Retype the records below word for word and omit any image.

- Opening Delimiter -

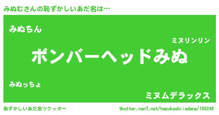 | ヘコむあだ名 | 『みぬむ(震え声)』『みぬっぺ』 |
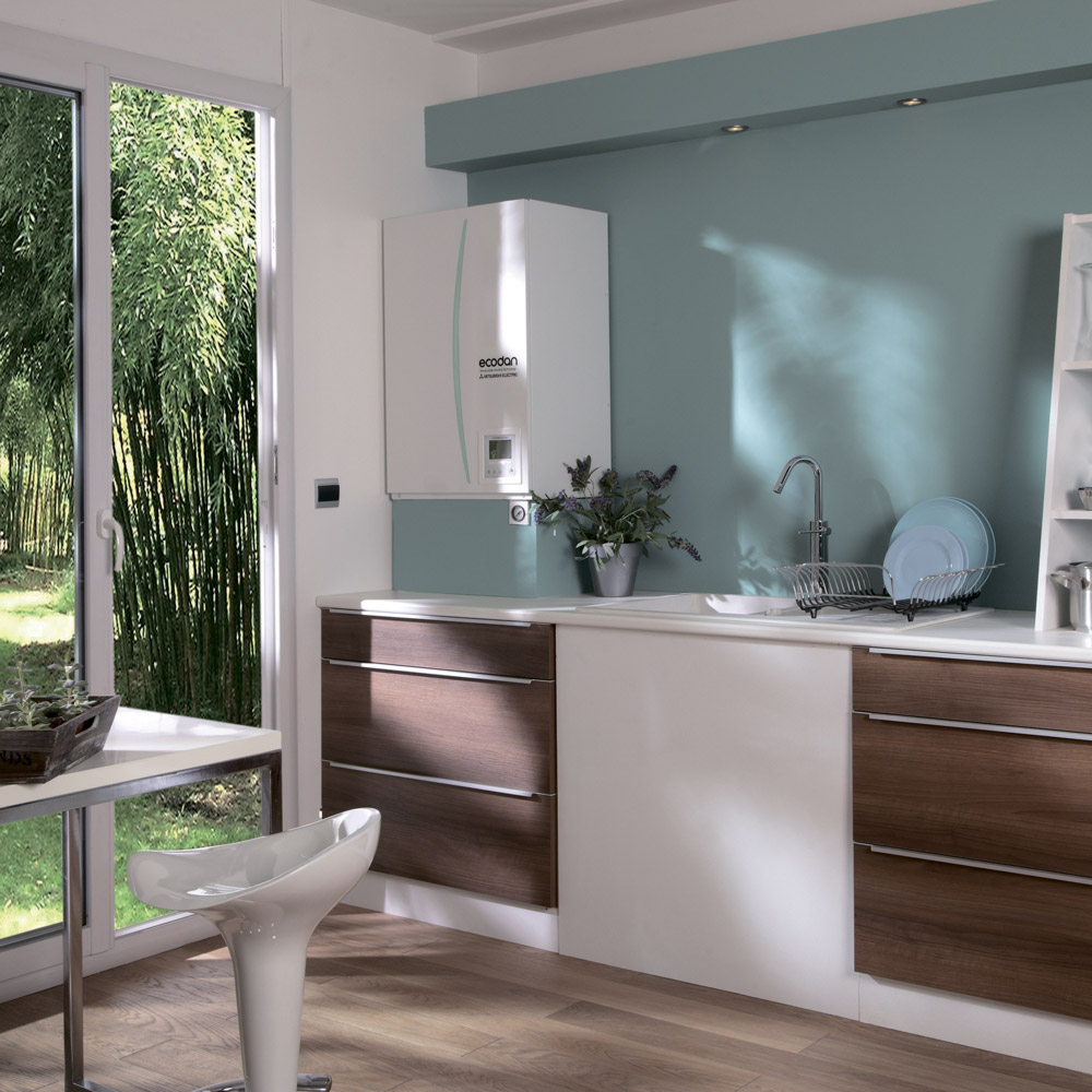 Компрессор теплового насоса Mitsubishi Electric Ecodan нагревает рабочую жидкость (хладагент) за счет низкопотенциальной тепловой энергии окружающей среды и электрической энергии. Затем хладагент нагревает воду в системе отопления и горячего водоснабжения.
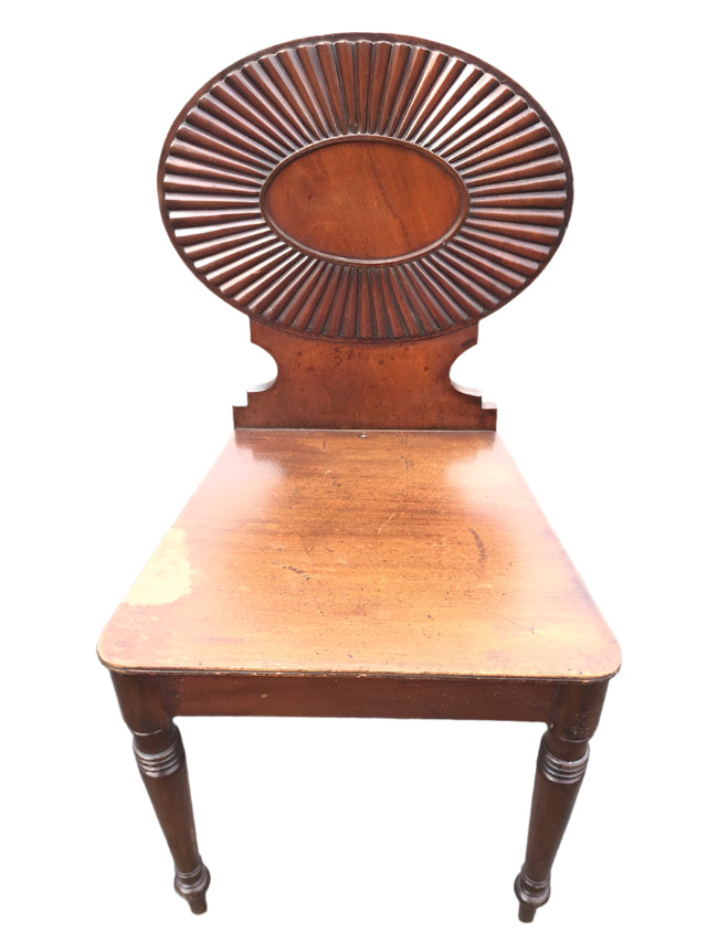 A C19th mahogany hall chair with oval ribbed back above a waisted support, with flared rectangular seat raised on turned tapering legs.
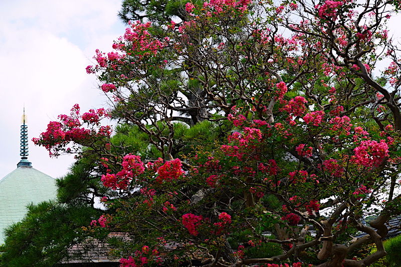 なかなか咲かなかった本覚寺のサルスベリが満開になっていました。
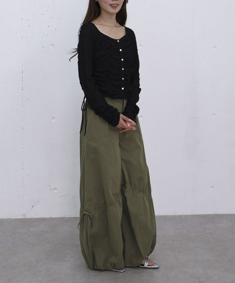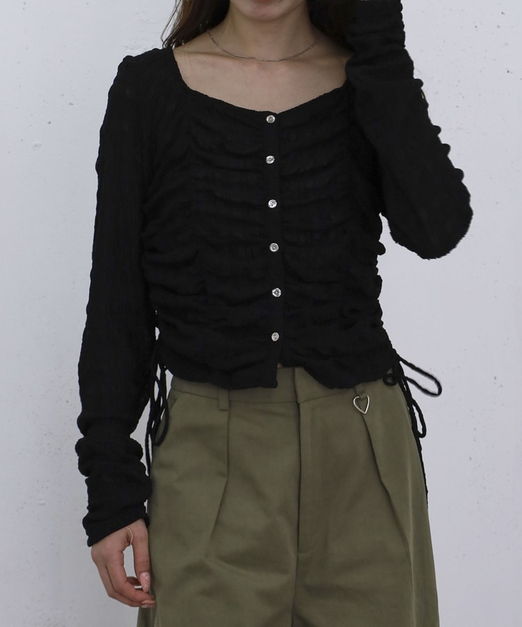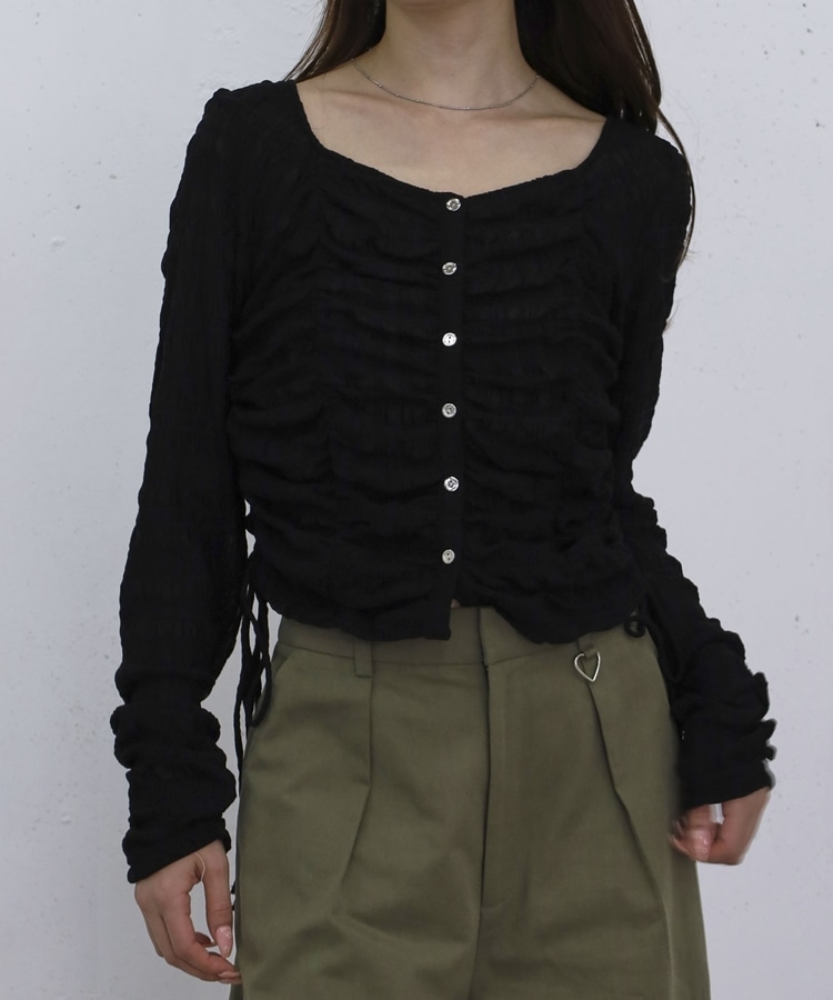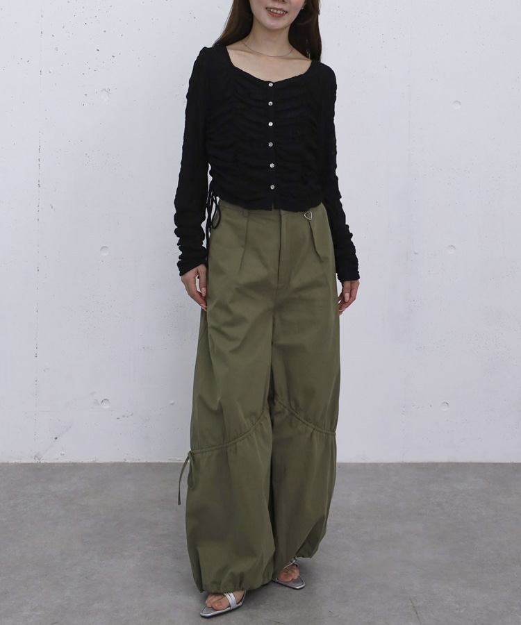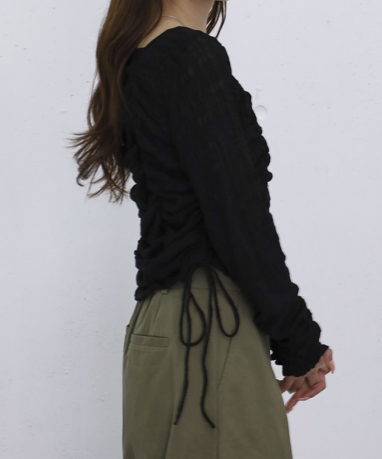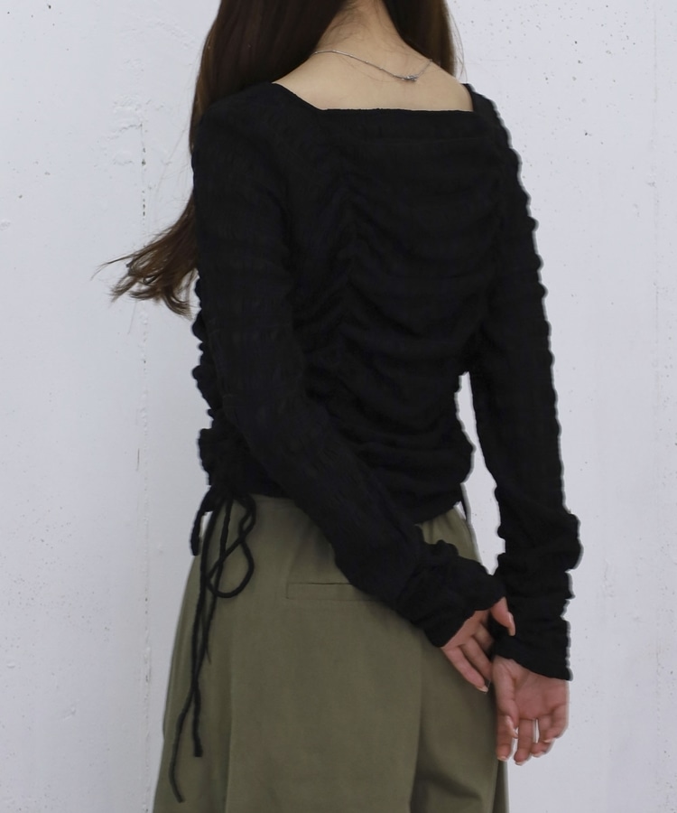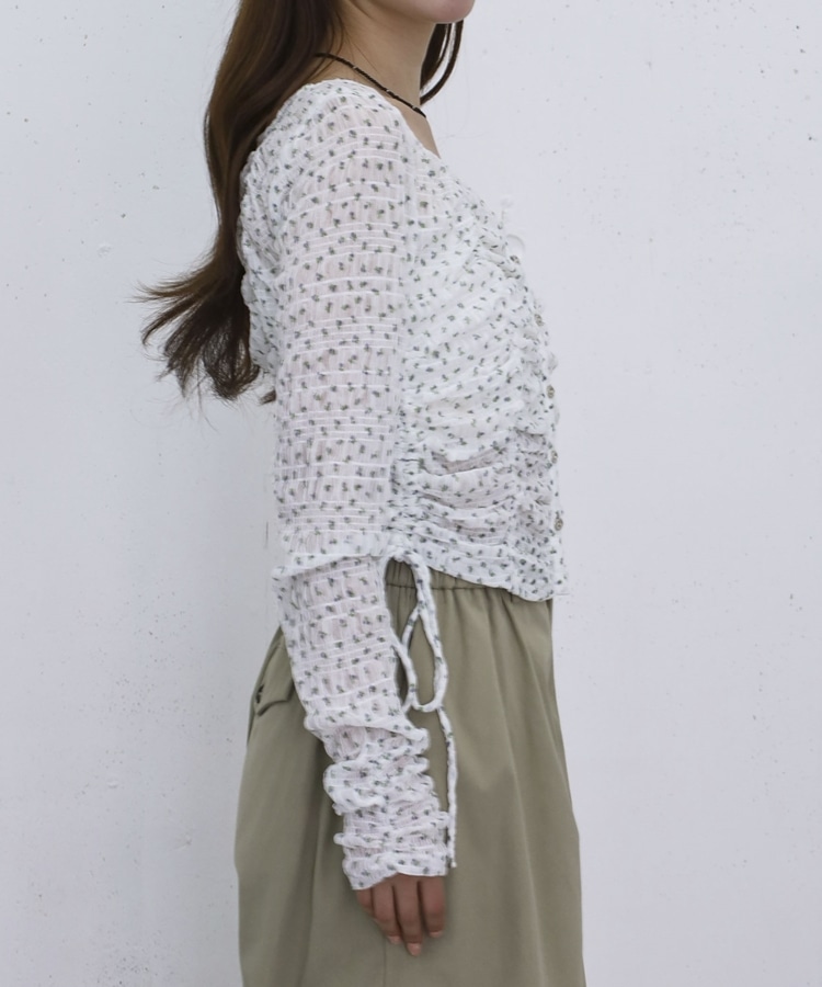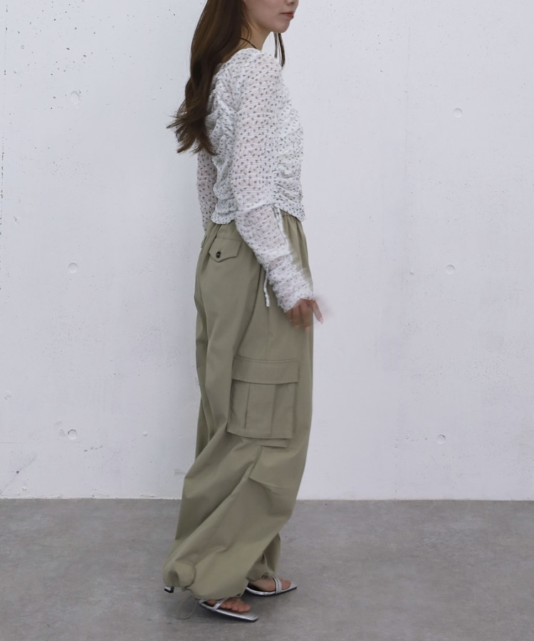 ・胸元のギャザー、サイドのドロスト、袖口のギャザーと、全体にくしゅっと感をプラスしたデザイン

- Closing Delimiter -

■ Answer section
 | ヘコむあだ名 | 『みぬむ(震え声)』『みぬっぺ』 |
 Компрессор теплового насоса Mitsubishi Electric Ecodan нагревает рабочую жидкость (хладагент) за счет низкопотенциальной тепловой энергии окружающей среды и электрической энергии. Затем хладагент нагревает воду в системе отопления и горячего водоснабжения.
 A C19th mahogany hall chair with oval ribbed back above a waisted support, with flared rectangular seat raised on turned tapering legs.
 なかなか咲かなかった本覚寺のサルスベリが満開になっていました。
 ・胸元のギャザー、サイドのドロスト、袖口のギャザーと、全体にくしゅっと感をプラスしたデザイン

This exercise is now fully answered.